— Work request —
Transcribe exactly, please, the lines from the one containing "从欧科云链追踪的77个主要D" through the end of the records below, and leave out the pictures.

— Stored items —
╔══

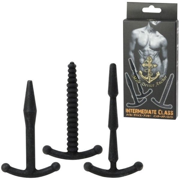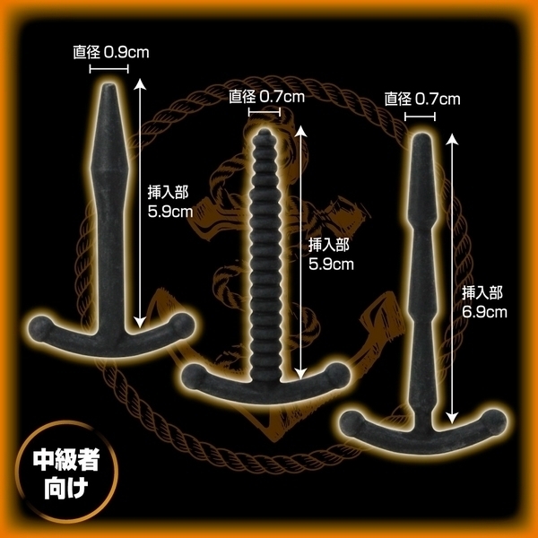 CBT中級者さんの尿道責めプレイに♪錨デザインの尿道プラグ3個セット「メイルデバイスアンカー インターメディエイト」。 ●マニア向けの尿道プラグ×3個セット●柔軟性のある高品質シリコンを採用●長さのある中級者向けのミドルサイズ●タイプ1:挿入部長5.9cm×直径0.9cm●挿入しやすい矢尻型のヘッド形状●タイプ2:挿入部長5.9cm×直径0.7cm●最初から最後まで続く凸凹リブ形状●タイプ3:挿入部長6.9cm×直径0.7cm●引き抜き時が刺激的な3連の円錐形状。 究極の快感テクニック、尿道責めで新たな快楽を!フェティッシュなCBTプレイ用のSMグッズ。 刺激の高さと負担の少なさを両立させた程良い長さの「インターメディエイト」タイプは、尿道責めプレイ中級者さんの拡張用にも最適です。
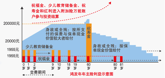 1、祝福金:自合同生效日起及以后的每個(gè)合同生效日對(duì)應(yīng)日,每年可領(lǐng)取1955元祝福金,直至終身。
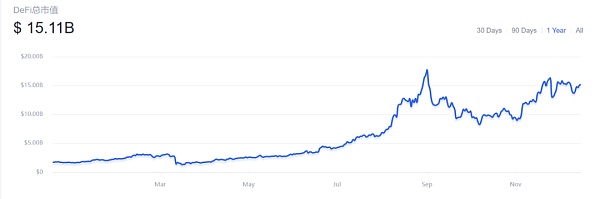 从欧科云链追踪的77个主要DeFi项目的市值增长情况来看,DeFi市场和应用增长情况尤为明显,过去一年里,6月到9月份是DeFi项目应用市值增长最快的3个月,增长了将近4倍,到了9月初后触顶回落之后一直在低位盘旋,11月份开始有所回升,目前距离前高的位置还有一些距离。
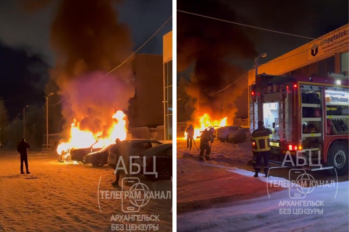 В ночное время в Архангельске огонь уничтожил два легковых автомобиля и повредил третий. Инцидент был зафиксирован на видео, записи с горящими машинами быстро распространились в Telegram-каналах.
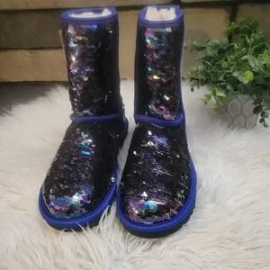 UGG Classic II Stellar Sequin "Blue/Multi" Classic Short Sequin Boots in Blue. Size 5 but can Size up in UGG
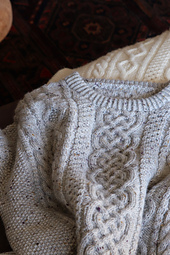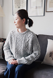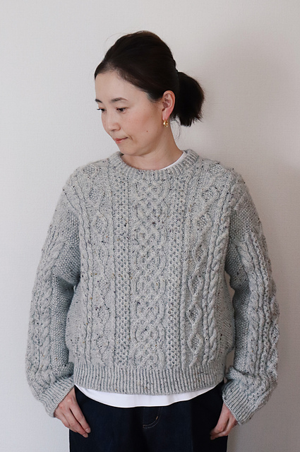 **Hoff Aran Sweater** is a drop-shoulder sweater featuring classic Aran patterns.
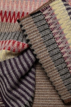 From the UK-based British designers Wallace & Sewell + Florence Hutchings, the Edera scarf is bold, with alternating stripes of geometric zigzags and fine pinstripes, creating an overall dynamic, textured look.

╚══

— Problem solution —
 从欧科云链追踪的77个主要DeFi项目的市值增长情况来看,DeFi市场和应用增长情况尤为明显,过去一年里,6月到9月份是DeFi项目应用市值增长最快的3个月,增长了将近4倍,到了9月初后触顶回落之后一直在低位盘旋,11月份开始有所回升,目前距离前高的位置还有一些距离。
 В ночное время в Архангельске огонь уничтожил два легковых автомобиля и повредил третий. Инцидент был зафиксирован на видео, записи с горящими машинами быстро распространились в Telegram-каналах.
 UGG Classic II Stellar Sequin "Blue/Multi" Classic Short Sequin Boots in Blue. Size 5 but can Size up in UGG
 **Hoff Aran Sweater** is a drop-shoulder sweater featuring classic Aran patterns.
 From the UK-based British designers Wallace & Sewell + Florence Hutchings, the Edera scarf is bold, with alternating stripes of geometric zigzags and fine pinstripes, creating an overall dynamic, textured look.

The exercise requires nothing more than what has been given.